Make sure your data and R Markdown files are in the same directory. When loaded your data file will be called brfss2013. Delete this note when before you submit your work.

load("/Users/kgarimella/Datasciencecoursera/introductiontoprobailityanddata-master/brfss2013.RData")

Part 1: Data

This entire sample is subject to non-response bias; all the collected data comes from people who where willing to answer the phone and finish a very long survey.

It is not a great representation of the general population, but the sample size is useful to find statistical significance to even small differences.

For computing capabilities, we will refer to the data collected in the state of California only.

df = brfss2013
rm(brfss2013)                             # get rid of long name

df = df[20000:40000,]                     # trimming data, no CA rows deleted
df = tbl_df(df)

## Warning: `tbl_df()` is deprecated as of dplyr 1.0.0.
## Please use `tibble::as_tibble()` instead.
## This warning is displayed once every 8 hours.
## Call `lifecycle::last_warnings()` to see where this warning was generated.

df = filter(df, X_state=="California")    # subsetting for CA state only

dim(df)

## [1] 11518   330

Due to the fact that this has been collected retrospectively we can only imply CORRELATIONS not CAUSALITY.

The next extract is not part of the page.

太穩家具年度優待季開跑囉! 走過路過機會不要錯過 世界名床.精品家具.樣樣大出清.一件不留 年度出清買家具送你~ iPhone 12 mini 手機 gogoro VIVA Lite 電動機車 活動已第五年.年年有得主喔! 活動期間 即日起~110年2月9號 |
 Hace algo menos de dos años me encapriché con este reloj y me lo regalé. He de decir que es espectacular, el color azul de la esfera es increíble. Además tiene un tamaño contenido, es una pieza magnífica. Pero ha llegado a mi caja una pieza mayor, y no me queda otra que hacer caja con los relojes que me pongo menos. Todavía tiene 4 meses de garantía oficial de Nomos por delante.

Part 2: Research questions

Research quesion 1: What are the statistical characteristics of the estimaged age-gender specific maximum oxygen consumption? Does it follow a normal distribution?

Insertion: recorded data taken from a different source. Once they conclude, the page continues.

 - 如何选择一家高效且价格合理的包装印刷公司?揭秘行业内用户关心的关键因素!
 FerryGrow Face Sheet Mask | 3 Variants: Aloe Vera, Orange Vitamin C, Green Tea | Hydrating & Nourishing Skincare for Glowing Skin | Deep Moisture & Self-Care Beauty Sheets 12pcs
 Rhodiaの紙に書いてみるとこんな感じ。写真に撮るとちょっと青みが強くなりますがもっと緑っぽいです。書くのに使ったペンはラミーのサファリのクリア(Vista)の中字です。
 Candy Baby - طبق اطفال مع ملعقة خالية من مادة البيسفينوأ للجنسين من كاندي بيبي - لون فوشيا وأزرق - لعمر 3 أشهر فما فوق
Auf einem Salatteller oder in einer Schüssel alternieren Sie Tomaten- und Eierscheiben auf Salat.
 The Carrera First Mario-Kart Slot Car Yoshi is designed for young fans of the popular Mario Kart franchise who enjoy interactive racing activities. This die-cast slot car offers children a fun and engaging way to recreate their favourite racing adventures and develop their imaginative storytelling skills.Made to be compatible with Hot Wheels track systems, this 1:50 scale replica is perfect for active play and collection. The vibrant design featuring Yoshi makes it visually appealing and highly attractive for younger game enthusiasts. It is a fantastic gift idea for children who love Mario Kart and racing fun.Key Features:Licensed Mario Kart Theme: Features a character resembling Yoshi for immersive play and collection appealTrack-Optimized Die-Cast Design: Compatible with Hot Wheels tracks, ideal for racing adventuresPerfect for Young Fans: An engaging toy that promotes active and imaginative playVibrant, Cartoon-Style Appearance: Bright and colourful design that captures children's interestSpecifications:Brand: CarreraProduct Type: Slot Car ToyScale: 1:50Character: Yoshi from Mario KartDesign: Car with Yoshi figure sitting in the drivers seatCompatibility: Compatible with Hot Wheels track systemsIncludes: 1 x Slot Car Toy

variable: $maxvo2_ (continuous) in ml/min/kg

Research quesion 2: Does a correlation exist between the hours slept each night and reported days with poor physical health or poor mental health in the last 30 days?

explanatory variable: sleptim1 in hours

response variables: physhlth and menthlth in days

  all of these variables are continuous

Research quesion 3: Does a correlation exist between the body mass index (BMI) of the individual answering the survey and having a high blood cholesterol or having a heart attack?

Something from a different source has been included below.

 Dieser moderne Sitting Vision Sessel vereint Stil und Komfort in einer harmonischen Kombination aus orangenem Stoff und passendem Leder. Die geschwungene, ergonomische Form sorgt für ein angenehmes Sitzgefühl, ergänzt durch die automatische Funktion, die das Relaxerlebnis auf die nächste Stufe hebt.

explanatory variable: _bmi5 (continuous) computed by researchers in kg/m^2

response variables: toldhi2 and cvdinfr4

  both response variables are discrete

Part 3: Exploratory data analysis

####Research quesion 1: What are the statistical characteristics of the estimaged age-gender specific maximum oxygen consumption? Does it follow a normal distribution?

The last two digits of this variable are implied decimal places, before doing anything this corrects to the units: ml/min/kg

df$maxvo2_ = as.numeric(df$maxvo2_)/100

We will now get some descritptive statistics on the computed measurement.

summary(df$maxvo2_)

##    Min. 1st Qu.  Median    Mean 3rd Qu.    Max.    NA's 
##    5.55   23.70   29.75   30.31   36.90   50.10      10

sd(df$maxvo2_, na.rm=TRUE)

## [1] 8.697629

Next some exploratory graphs

maxvo2 = ggplot(df, aes(x=maxvo2_)) + theme_bw() + 
          geom_histogram(binwidth=2, alpha=0.5, aes(y=..density..), fill="lightblue", col="grey") +
           stat_function(fun=dnorm, args=list(mean=30.31, sd=8.7), col="red") +
            geom_rug() + 
             labs(title="Distribution of VO2 max in California Population",
                  x="VO2 max (ml O2/min/kg)",
                  y="Frequency")
maxvo2

## Warning: Removed 10 rows containing non-finite values (stat_bin).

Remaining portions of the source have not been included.